======== Records for the task

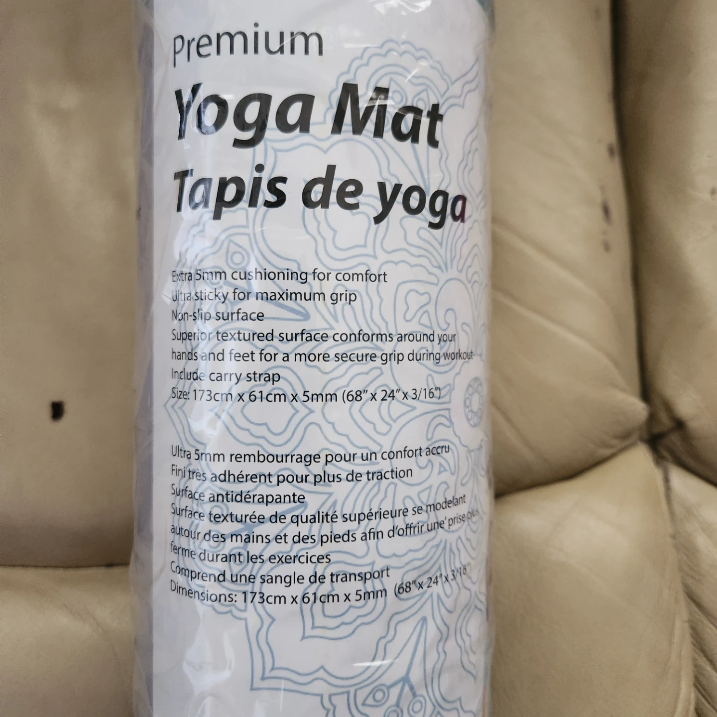 This premium yoga mat offers extra 5mm cushioning for comfort and a non-slip surface for maximum grip. It includes a carry strap for easy transport. Dimensions: 173cm x 61cm x 5mm.
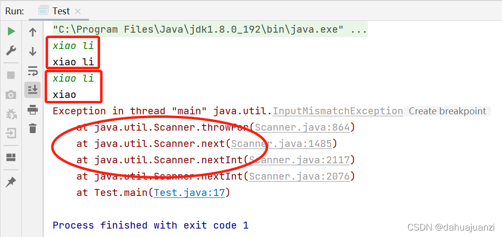 String str1=scanner.next();//遇到空格读取结束,且报错
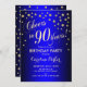 Convite de festa de 90 anos para mulheres ou homens. Design elegante com dourado brilhante falso e azul real. Caracteriza fonte manuscrita e confetes. Um brindes a 90 Anos! Perfeito para uma celebração de aniversário de estilo marcante.
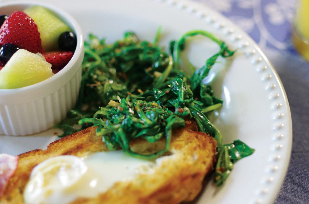 Sprinkle with goat cheese or serve as is with eggs of your choice – we like “egg in a nest.”
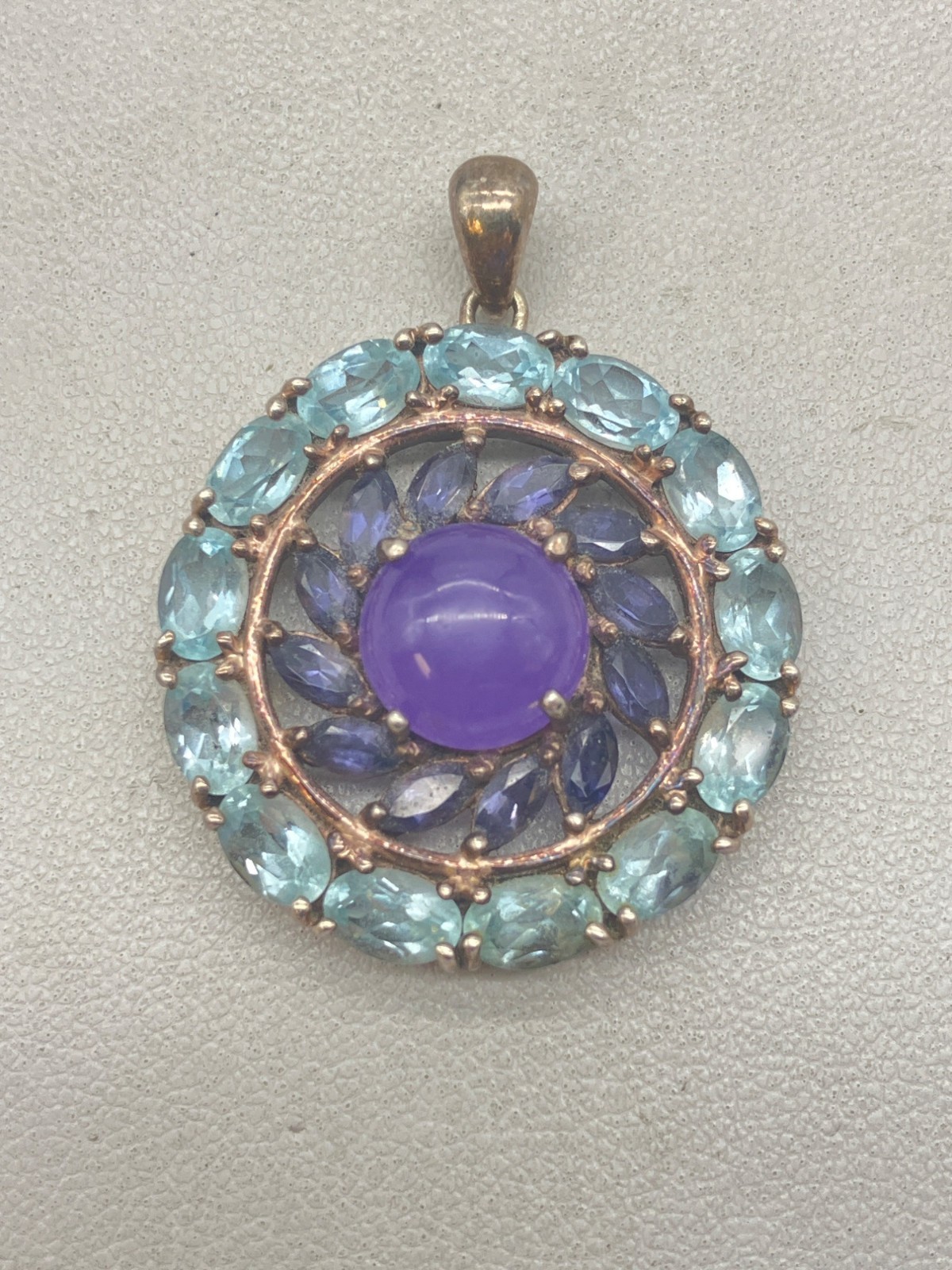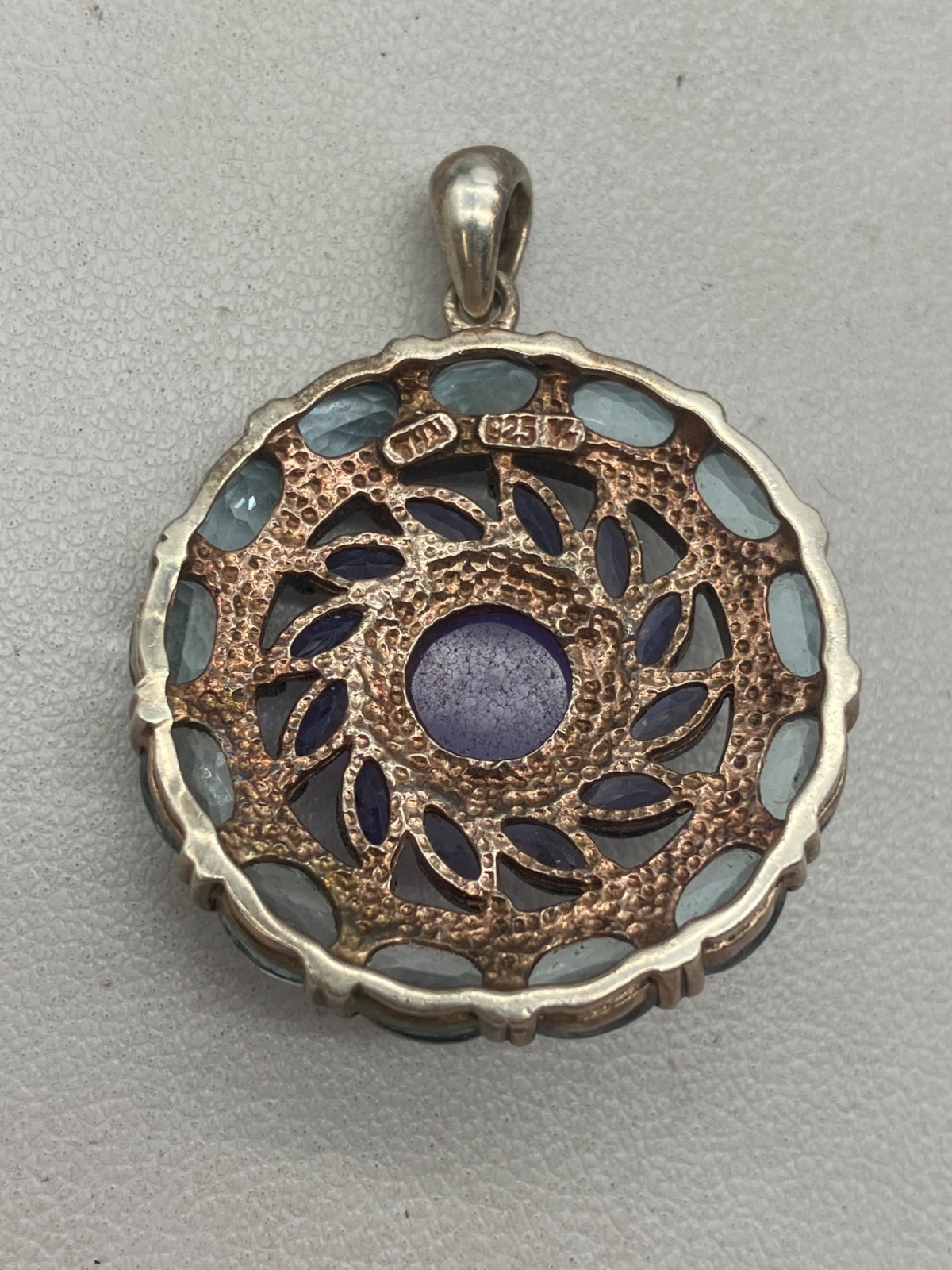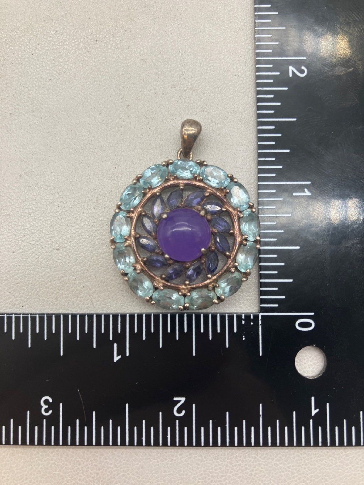 Sterling Silver Amethyst & Topaz Pendant - 9.32g
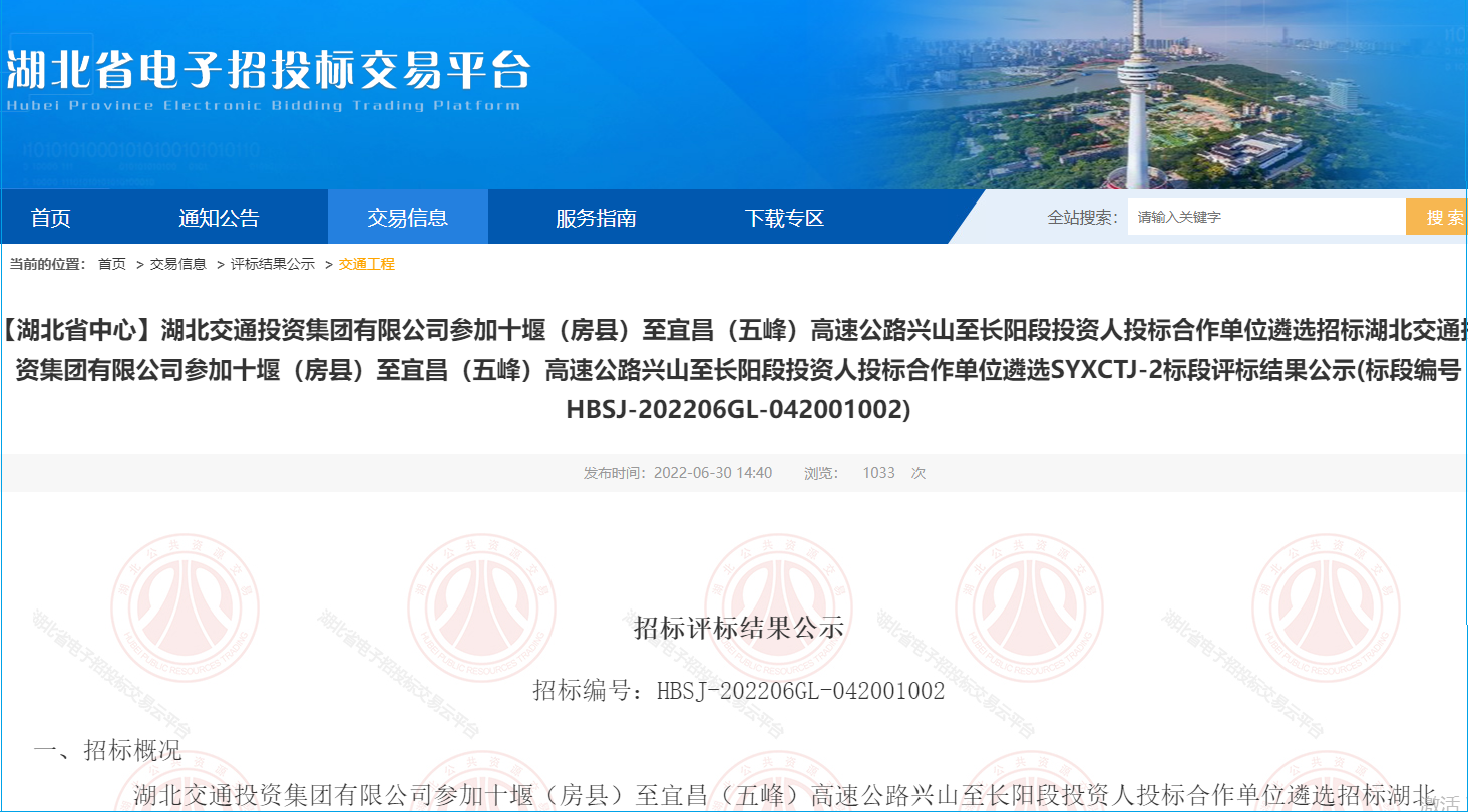 On June 30, 2022, the Hubei Electronic Tendering and Bidding Trading Platform released the announcement of the results of the selection and evaluation of investors’ bid cooperation units for the Xingshan-Changyang section of the Shiyan-Yichang Expressway. The project is divided into 7 sections, and the 6th section does not Included in this selection, the project was won by 7 units including China Railway 11th Bureau and CCCC Second Highway Engineering Bureau Co., Ltd., with a total investment of about 19.775 billion yuan.
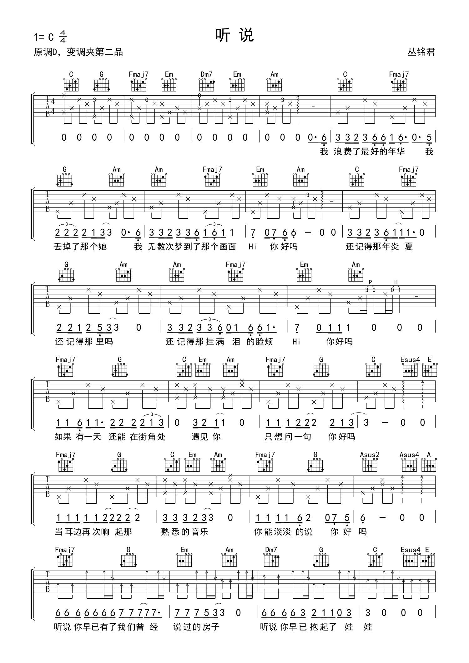 • 听说吉他谱 - 丛铭君 - C调吉他弹唱谱第1张
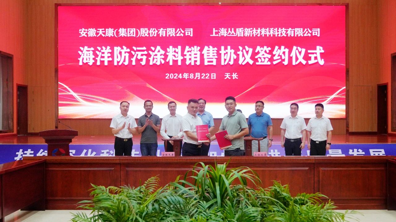 儀式上,安徽天康集團總經理毛文章與上海叢盾新材料科技有限公司總經理劉霖代表雙方簽訂戰略合作協議書,與會領導共同見證了這一重要時刻。
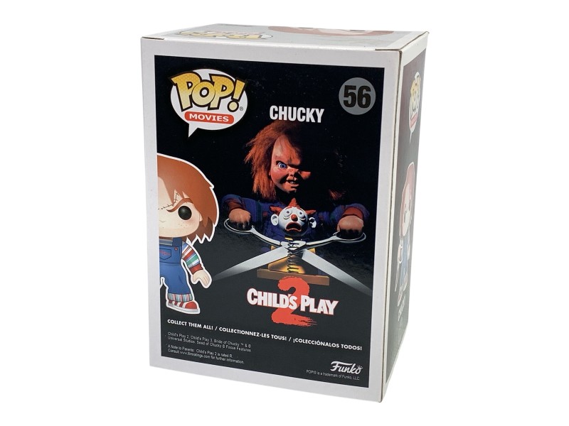 This Funko Pop Vinyl figure depicts the iconic horror character Chucky from the Child's Play 2 film. Crafted with the brand's signature stylised aesthetic, this collectible stands at 56 inches tall and features the doll's distinctive appearance, including his red hair, blue overalls, and menacing expression. A must-have for fans of the franchise and Funko collectors alike.
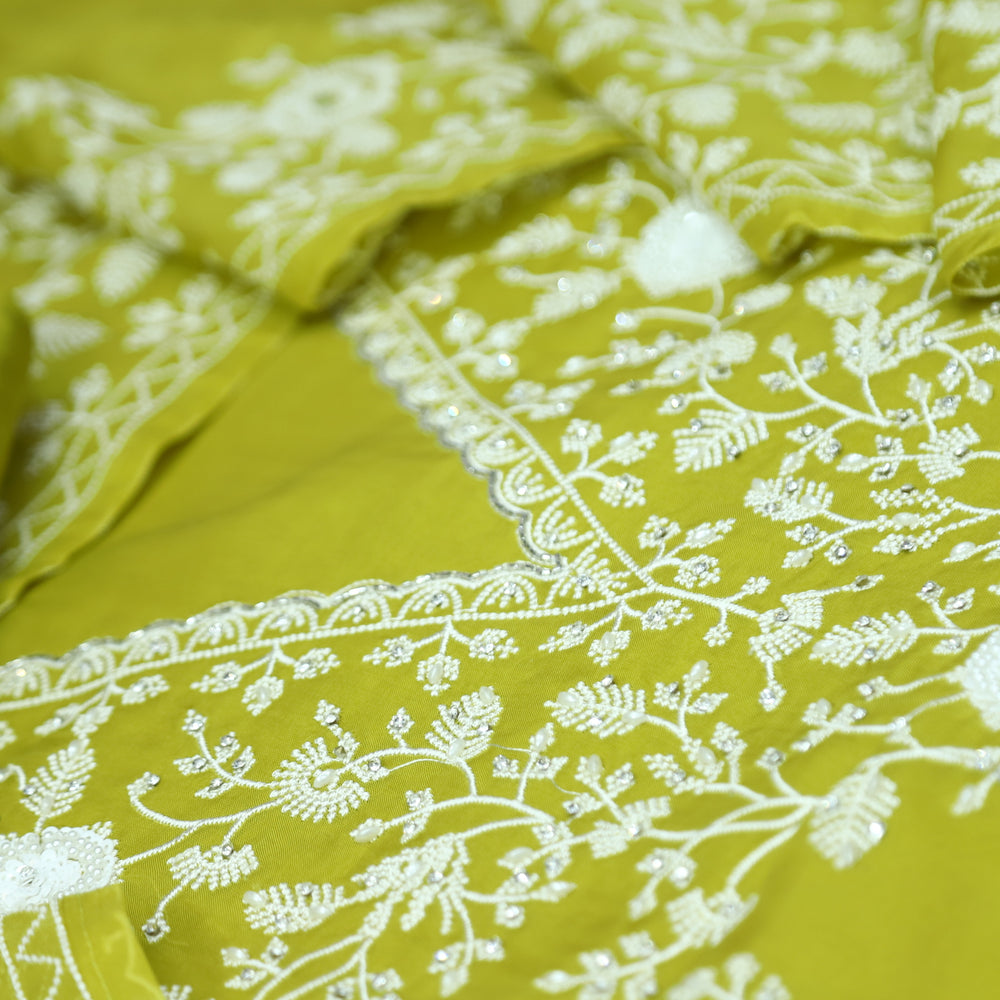 Mourya Lemon Yellow Thread Embroidered with Moti Work Organza Suit Set
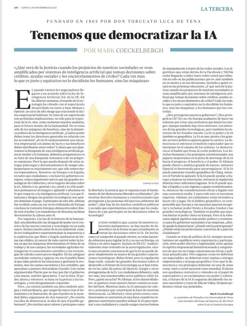 Coeckelbergh, M. 2023. Tenemos que democratizar la IA. Contribution invited by ABC. 10 December 2023. [file]
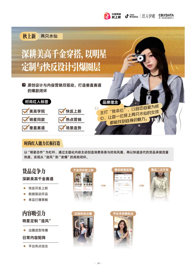 在货品端,时尚红人通过快速反应供应链与数据驱动的产品开发机制,确保能够迅速将流行元素转化为具体商品,以此快速响应热点趋势,持续完善货品迭代。在内容层面,通过精心策划的明星合作制造话题焦点,将明星同款转化为社交货币,再结合平台热点与日常内容输出,拉高时尚内容在大众公域里的传播热度,为品牌高效承接并转化公域流量。
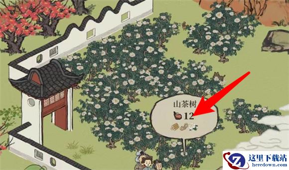 3、点击山茶树,消耗12点体力即可采摘山茶花。
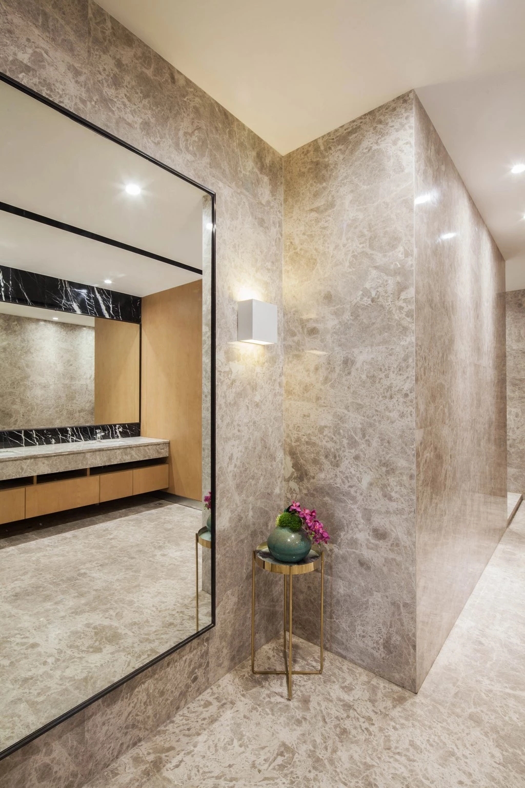 材料的使用方面,地面采用了大理石和高端塑胶仿木纹地板,这些材质的甲醛含量均为零。墙面采用实木贴皮及硬包板,均通过工厂预制现场拼装的施工方法,将现场施工的污染降到最低。家具、灯具及软装配饰都是根据整体设计风格定制设计,能够完美地与办公室内设计风格融为一体。
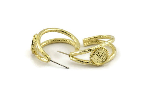 Raw Brass Textured Earrings, Pad Size - 8mm
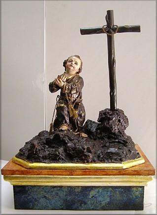 Niño Jesús de la Pasión (Escuela de Salzillo) (I) A pesar de ciertos defectos formales, unas manos y pies un tanto desproporcionados, este Niño Jesús de la Pasión es una obra realmente preciosa. Una pequeña talla (sus medidas máximas, incluida la cruz, son de 52 x 34 x 24,50 cm) de escuela salzillesca (siglo XVIII), con estofados y dorados en plata corlada. El estado inicial de esta bella escultura sacra era llamativo por el gran oscurecimiento que presentaban sus policromías, producto de la aplicación de una gruesa capa de grasas y barnices, los cuales se habían mezclado con depósitos de polvo y distorsionaban notablemente la imagen. |
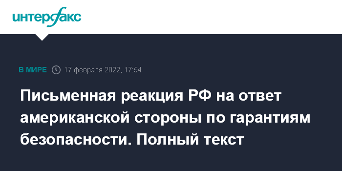 Письменная реакция РФ на ответ американской стороны по гарантиям безопасности. Полный текст
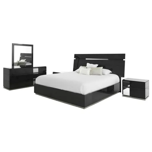 Upgrade your modern layout with the Italian design of the Heritage II 5-piece Queen Bedroom Set. This stunning collection is made with dark gray birch wood and features mirrored glass inserts, a polished metal base, and a smooth glossy finish. The stylish bed frame can help you set the lighting mood with the LED setting on the back of the headboard. Three drawers in the dresser can accommodate your clothes, while the two compartments in the nightstands can store your books, alarm clocks, and bedtime essentials. The classic straight-edge mirror can help you get ready for your daytime routine and nightly escapades.

================

■ Task to carry out ■
Reproduce the listing exactly. Leave its pictures out.

■ Worked solution ■
 This premium yoga mat offers extra 5mm cushioning for comfort and a non-slip surface for maximum grip. It includes a carry strap for easy transport. Dimensions: 173cm x 61cm x 5mm.
 String str1=scanner.next();//遇到空格读取结束,且报错
 Convite de festa de 90 anos para mulheres ou homens. Design elegante com dourado brilhante falso e azul real. Caracteriza fonte manuscrita e confetes. Um brindes a 90 Anos! Perfeito para uma celebração de aniversário de estilo marcante.
 Sprinkle with goat cheese or serve as is with eggs of your choice – we like “egg in a nest.”
 Sterling Silver Amethyst & Topaz Pendant - 9.32g
 On June 30, 2022, the Hubei Electronic Tendering and Bidding Trading Platform released the announcement of the results of the selection and evaluation of investors’ bid cooperation units for the Xingshan-Changyang section of the Shiyan-Yichang Expressway. The project is divided into 7 sections, and the 6th section does not Included in this selection, the project was won by 7 units including China Railway 11th Bureau and CCCC Second Highway Engineering Bureau Co., Ltd., with a total investment of about 19.775 billion yuan.
 • 听说吉他谱 - 丛铭君 - C调吉他弹唱谱第1张
 儀式上,安徽天康集團總經理毛文章與上海叢盾新材料科技有限公司總經理劉霖代表雙方簽訂戰略合作協議書,與會領導共同見證了這一重要時刻。
 This Funko Pop Vinyl figure depicts the iconic horror character Chucky from the Child's Play 2 film. Crafted with the brand's signature stylised aesthetic, this collectible stands at 56 inches tall and features the doll's distinctive appearance, including his red hair, blue overalls, and menacing expression. A must-have for fans of the franchise and Funko collectors alike.
 Mourya Lemon Yellow Thread Embroidered with Moti Work Organza Suit Set
 Coeckelbergh, M. 2023. Tenemos que democratizar la IA. Contribution invited by ABC. 10 December 2023. [file]
 在货品端,时尚红人通过快速反应供应链与数据驱动的产品开发机制,确保能够迅速将流行元素转化为具体商品,以此快速响应热点趋势,持续完善货品迭代。在内容层面,通过精心策划的明星合作制造话题焦点,将明星同款转化为社交货币,再结合平台热点与日常内容输出,拉高时尚内容在大众公域里的传播热度,为品牌高效承接并转化公域流量。
 3、点击山茶树,消耗12点体力即可采摘山茶花。
 材料的使用方面,地面采用了大理石和高端塑胶仿木纹地板,这些材质的甲醛含量均为零。墙面采用实木贴皮及硬包板,均通过工厂预制现场拼装的施工方法,将现场施工的污染降到最低。家具、灯具及软装配饰都是根据整体设计风格定制设计,能够完美地与办公室内设计风格融为一体。
 Raw Brass Textured Earrings, Pad Size - 8mm
 Niño Jesús de la Pasión (Escuela de Salzillo) (I) A pesar de ciertos defectos formales, unas manos y pies un tanto desproporcionados, este Niño Jesús de la Pasión es una obra realmente preciosa. Una pequeña talla (sus medidas máximas, incluida la cruz, son de 52 x 34 x 24,50 cm) de escuela salzillesca (siglo XVIII), con estofados y dorados en plata corlada. El estado inicial de esta bella escultura sacra era llamativo por el gran oscurecimiento que presentaban sus policromías, producto de la aplicación de una gruesa capa de grasas y barnices, los cuales se habían mezclado con depósitos de polvo y distorsionaban notablemente la imagen. |
 Письменная реакция РФ на ответ американской стороны по гарантиям безопасности. Полный текст
 Upgrade your modern layout with the Italian design of the Heritage II 5-piece Queen Bedroom Set. This stunning collection is made with dark gray birch wood and features mirrored glass inserts, a polished metal base, and a smooth glossy finish. The stylish bed frame can help you set the lighting mood with the LED setting on the back of the headboard. Three drawers in the dresser can accommodate your clothes, while the two compartments in the nightstands can store your books, alarm clocks, and bedtime essentials. The classic straight-edge mirror can help you get ready for your daytime routine and nightly escapades.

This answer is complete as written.